Records for this task:
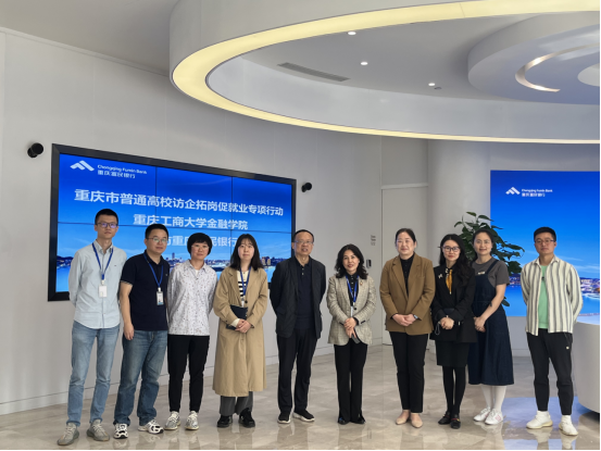 4月27日,bwin必赢(中国)在线登录入口党委书记石世明、院长王兰、学院校友会秘书长杨佳妮、学生第一党支部书记罗勇等到重庆富民银行股份有限公司开展支部联谊暨访企拓岗专项活动,看望慰问我校优秀校友。重庆富民银行股份有限公司副行长钟子民,人力资源总监陈鸣雁,人力资源部副总经理陈倩,人力资源专家石合磊及相关职能部门同志参加调研活动。
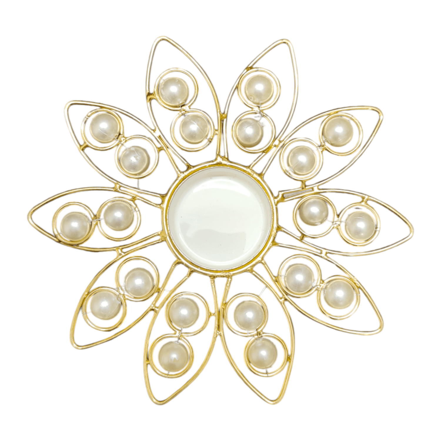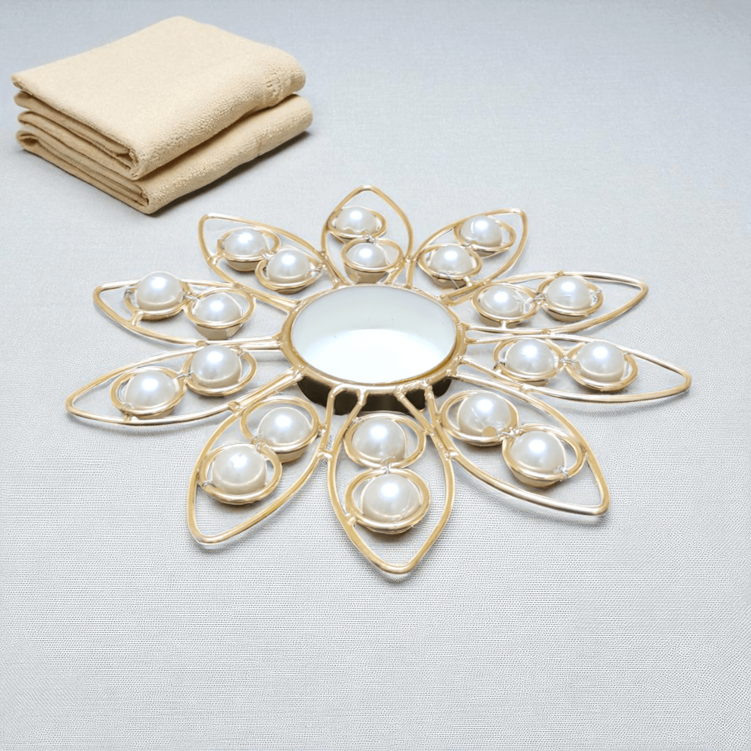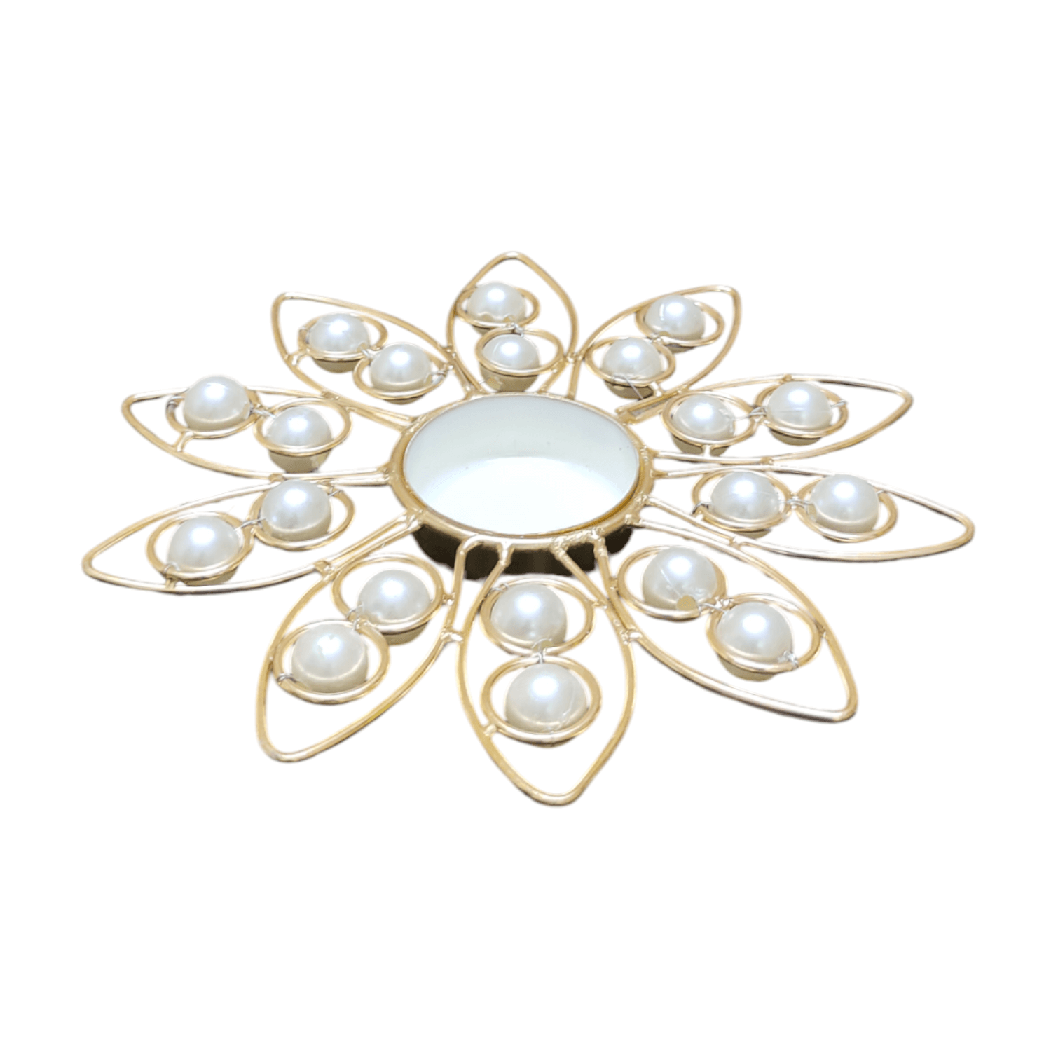 - Beautiful tealight holder in a floral design, crafted with gold-toned metal petals embellished with glossy faux pearls.
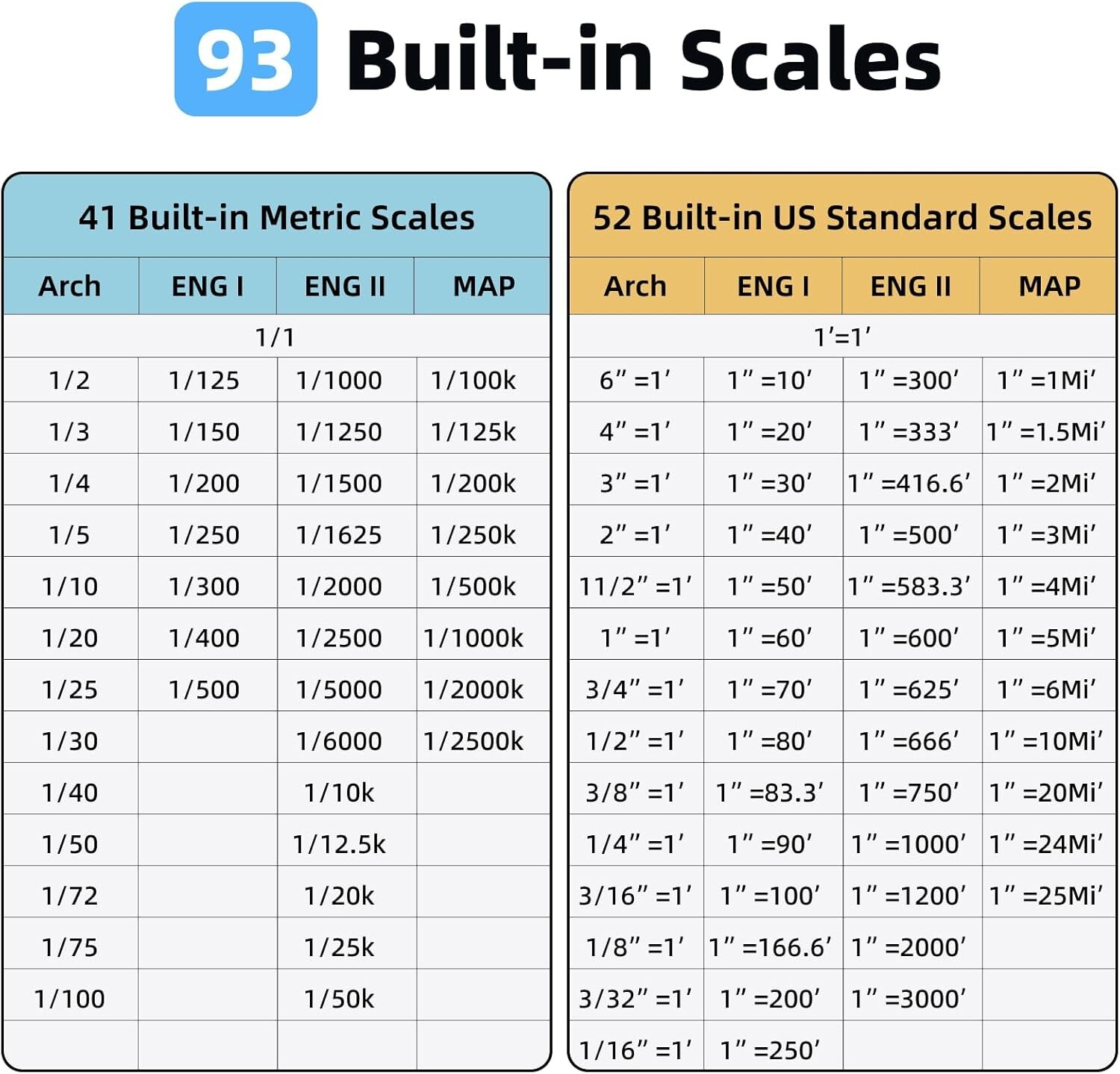Maximum versatility with 93 scales supporting various units perfect for professionals and creatives.
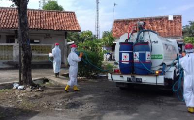 Pasukan Putih Semprot Pasar Desa Eks Terminal Bus Prembun dengan Disinfektan
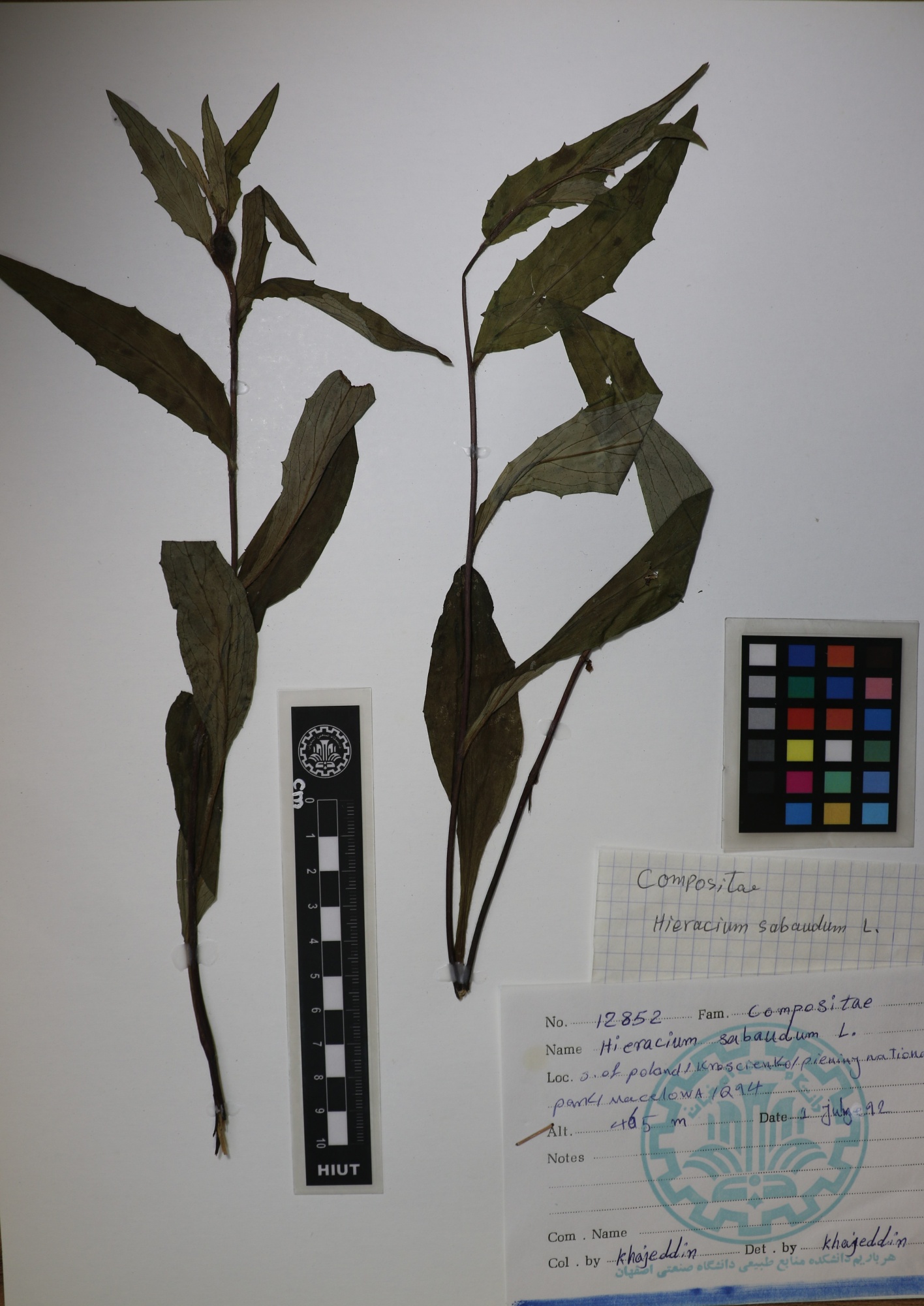 12852 Family : Asteraceae (Compositae) Herbarium Number : 12852 Species Name : Hieracium sabaudum L. herbarium date 7/1/1992 herbarium alternate 465m herbarium col by S.J.Khajeddin herbarium det by S.J.Khajeddin herbarium country Iran herbarium province Isfahan herbarium location not inserted herbarium lat herbarium long herbarium annotations

Exercise brief: Your job is to restate, word for word, only the lines from the one holding "- Beautiful tealight" through the end of the material; pictures stay out.

Solution to the exercise:
 - Beautiful tealight holder in a floral design, crafted with gold-toned metal petals embellished with glossy faux pearls.
Maximum versatility with 93 scales supporting various units perfect for professionals and creatives.
 Pasukan Putih Semprot Pasar Desa Eks Terminal Bus Prembun dengan Disinfektan
 12852 Family : Asteraceae (Compositae) Herbarium Number : 12852 Species Name : Hieracium sabaudum L. herbarium date 7/1/1992 herbarium alternate 465m herbarium col by S.J.Khajeddin herbarium det by S.J.Khajeddin herbarium country Iran herbarium province Isfahan herbarium location not inserted herbarium lat herbarium long herbarium annotations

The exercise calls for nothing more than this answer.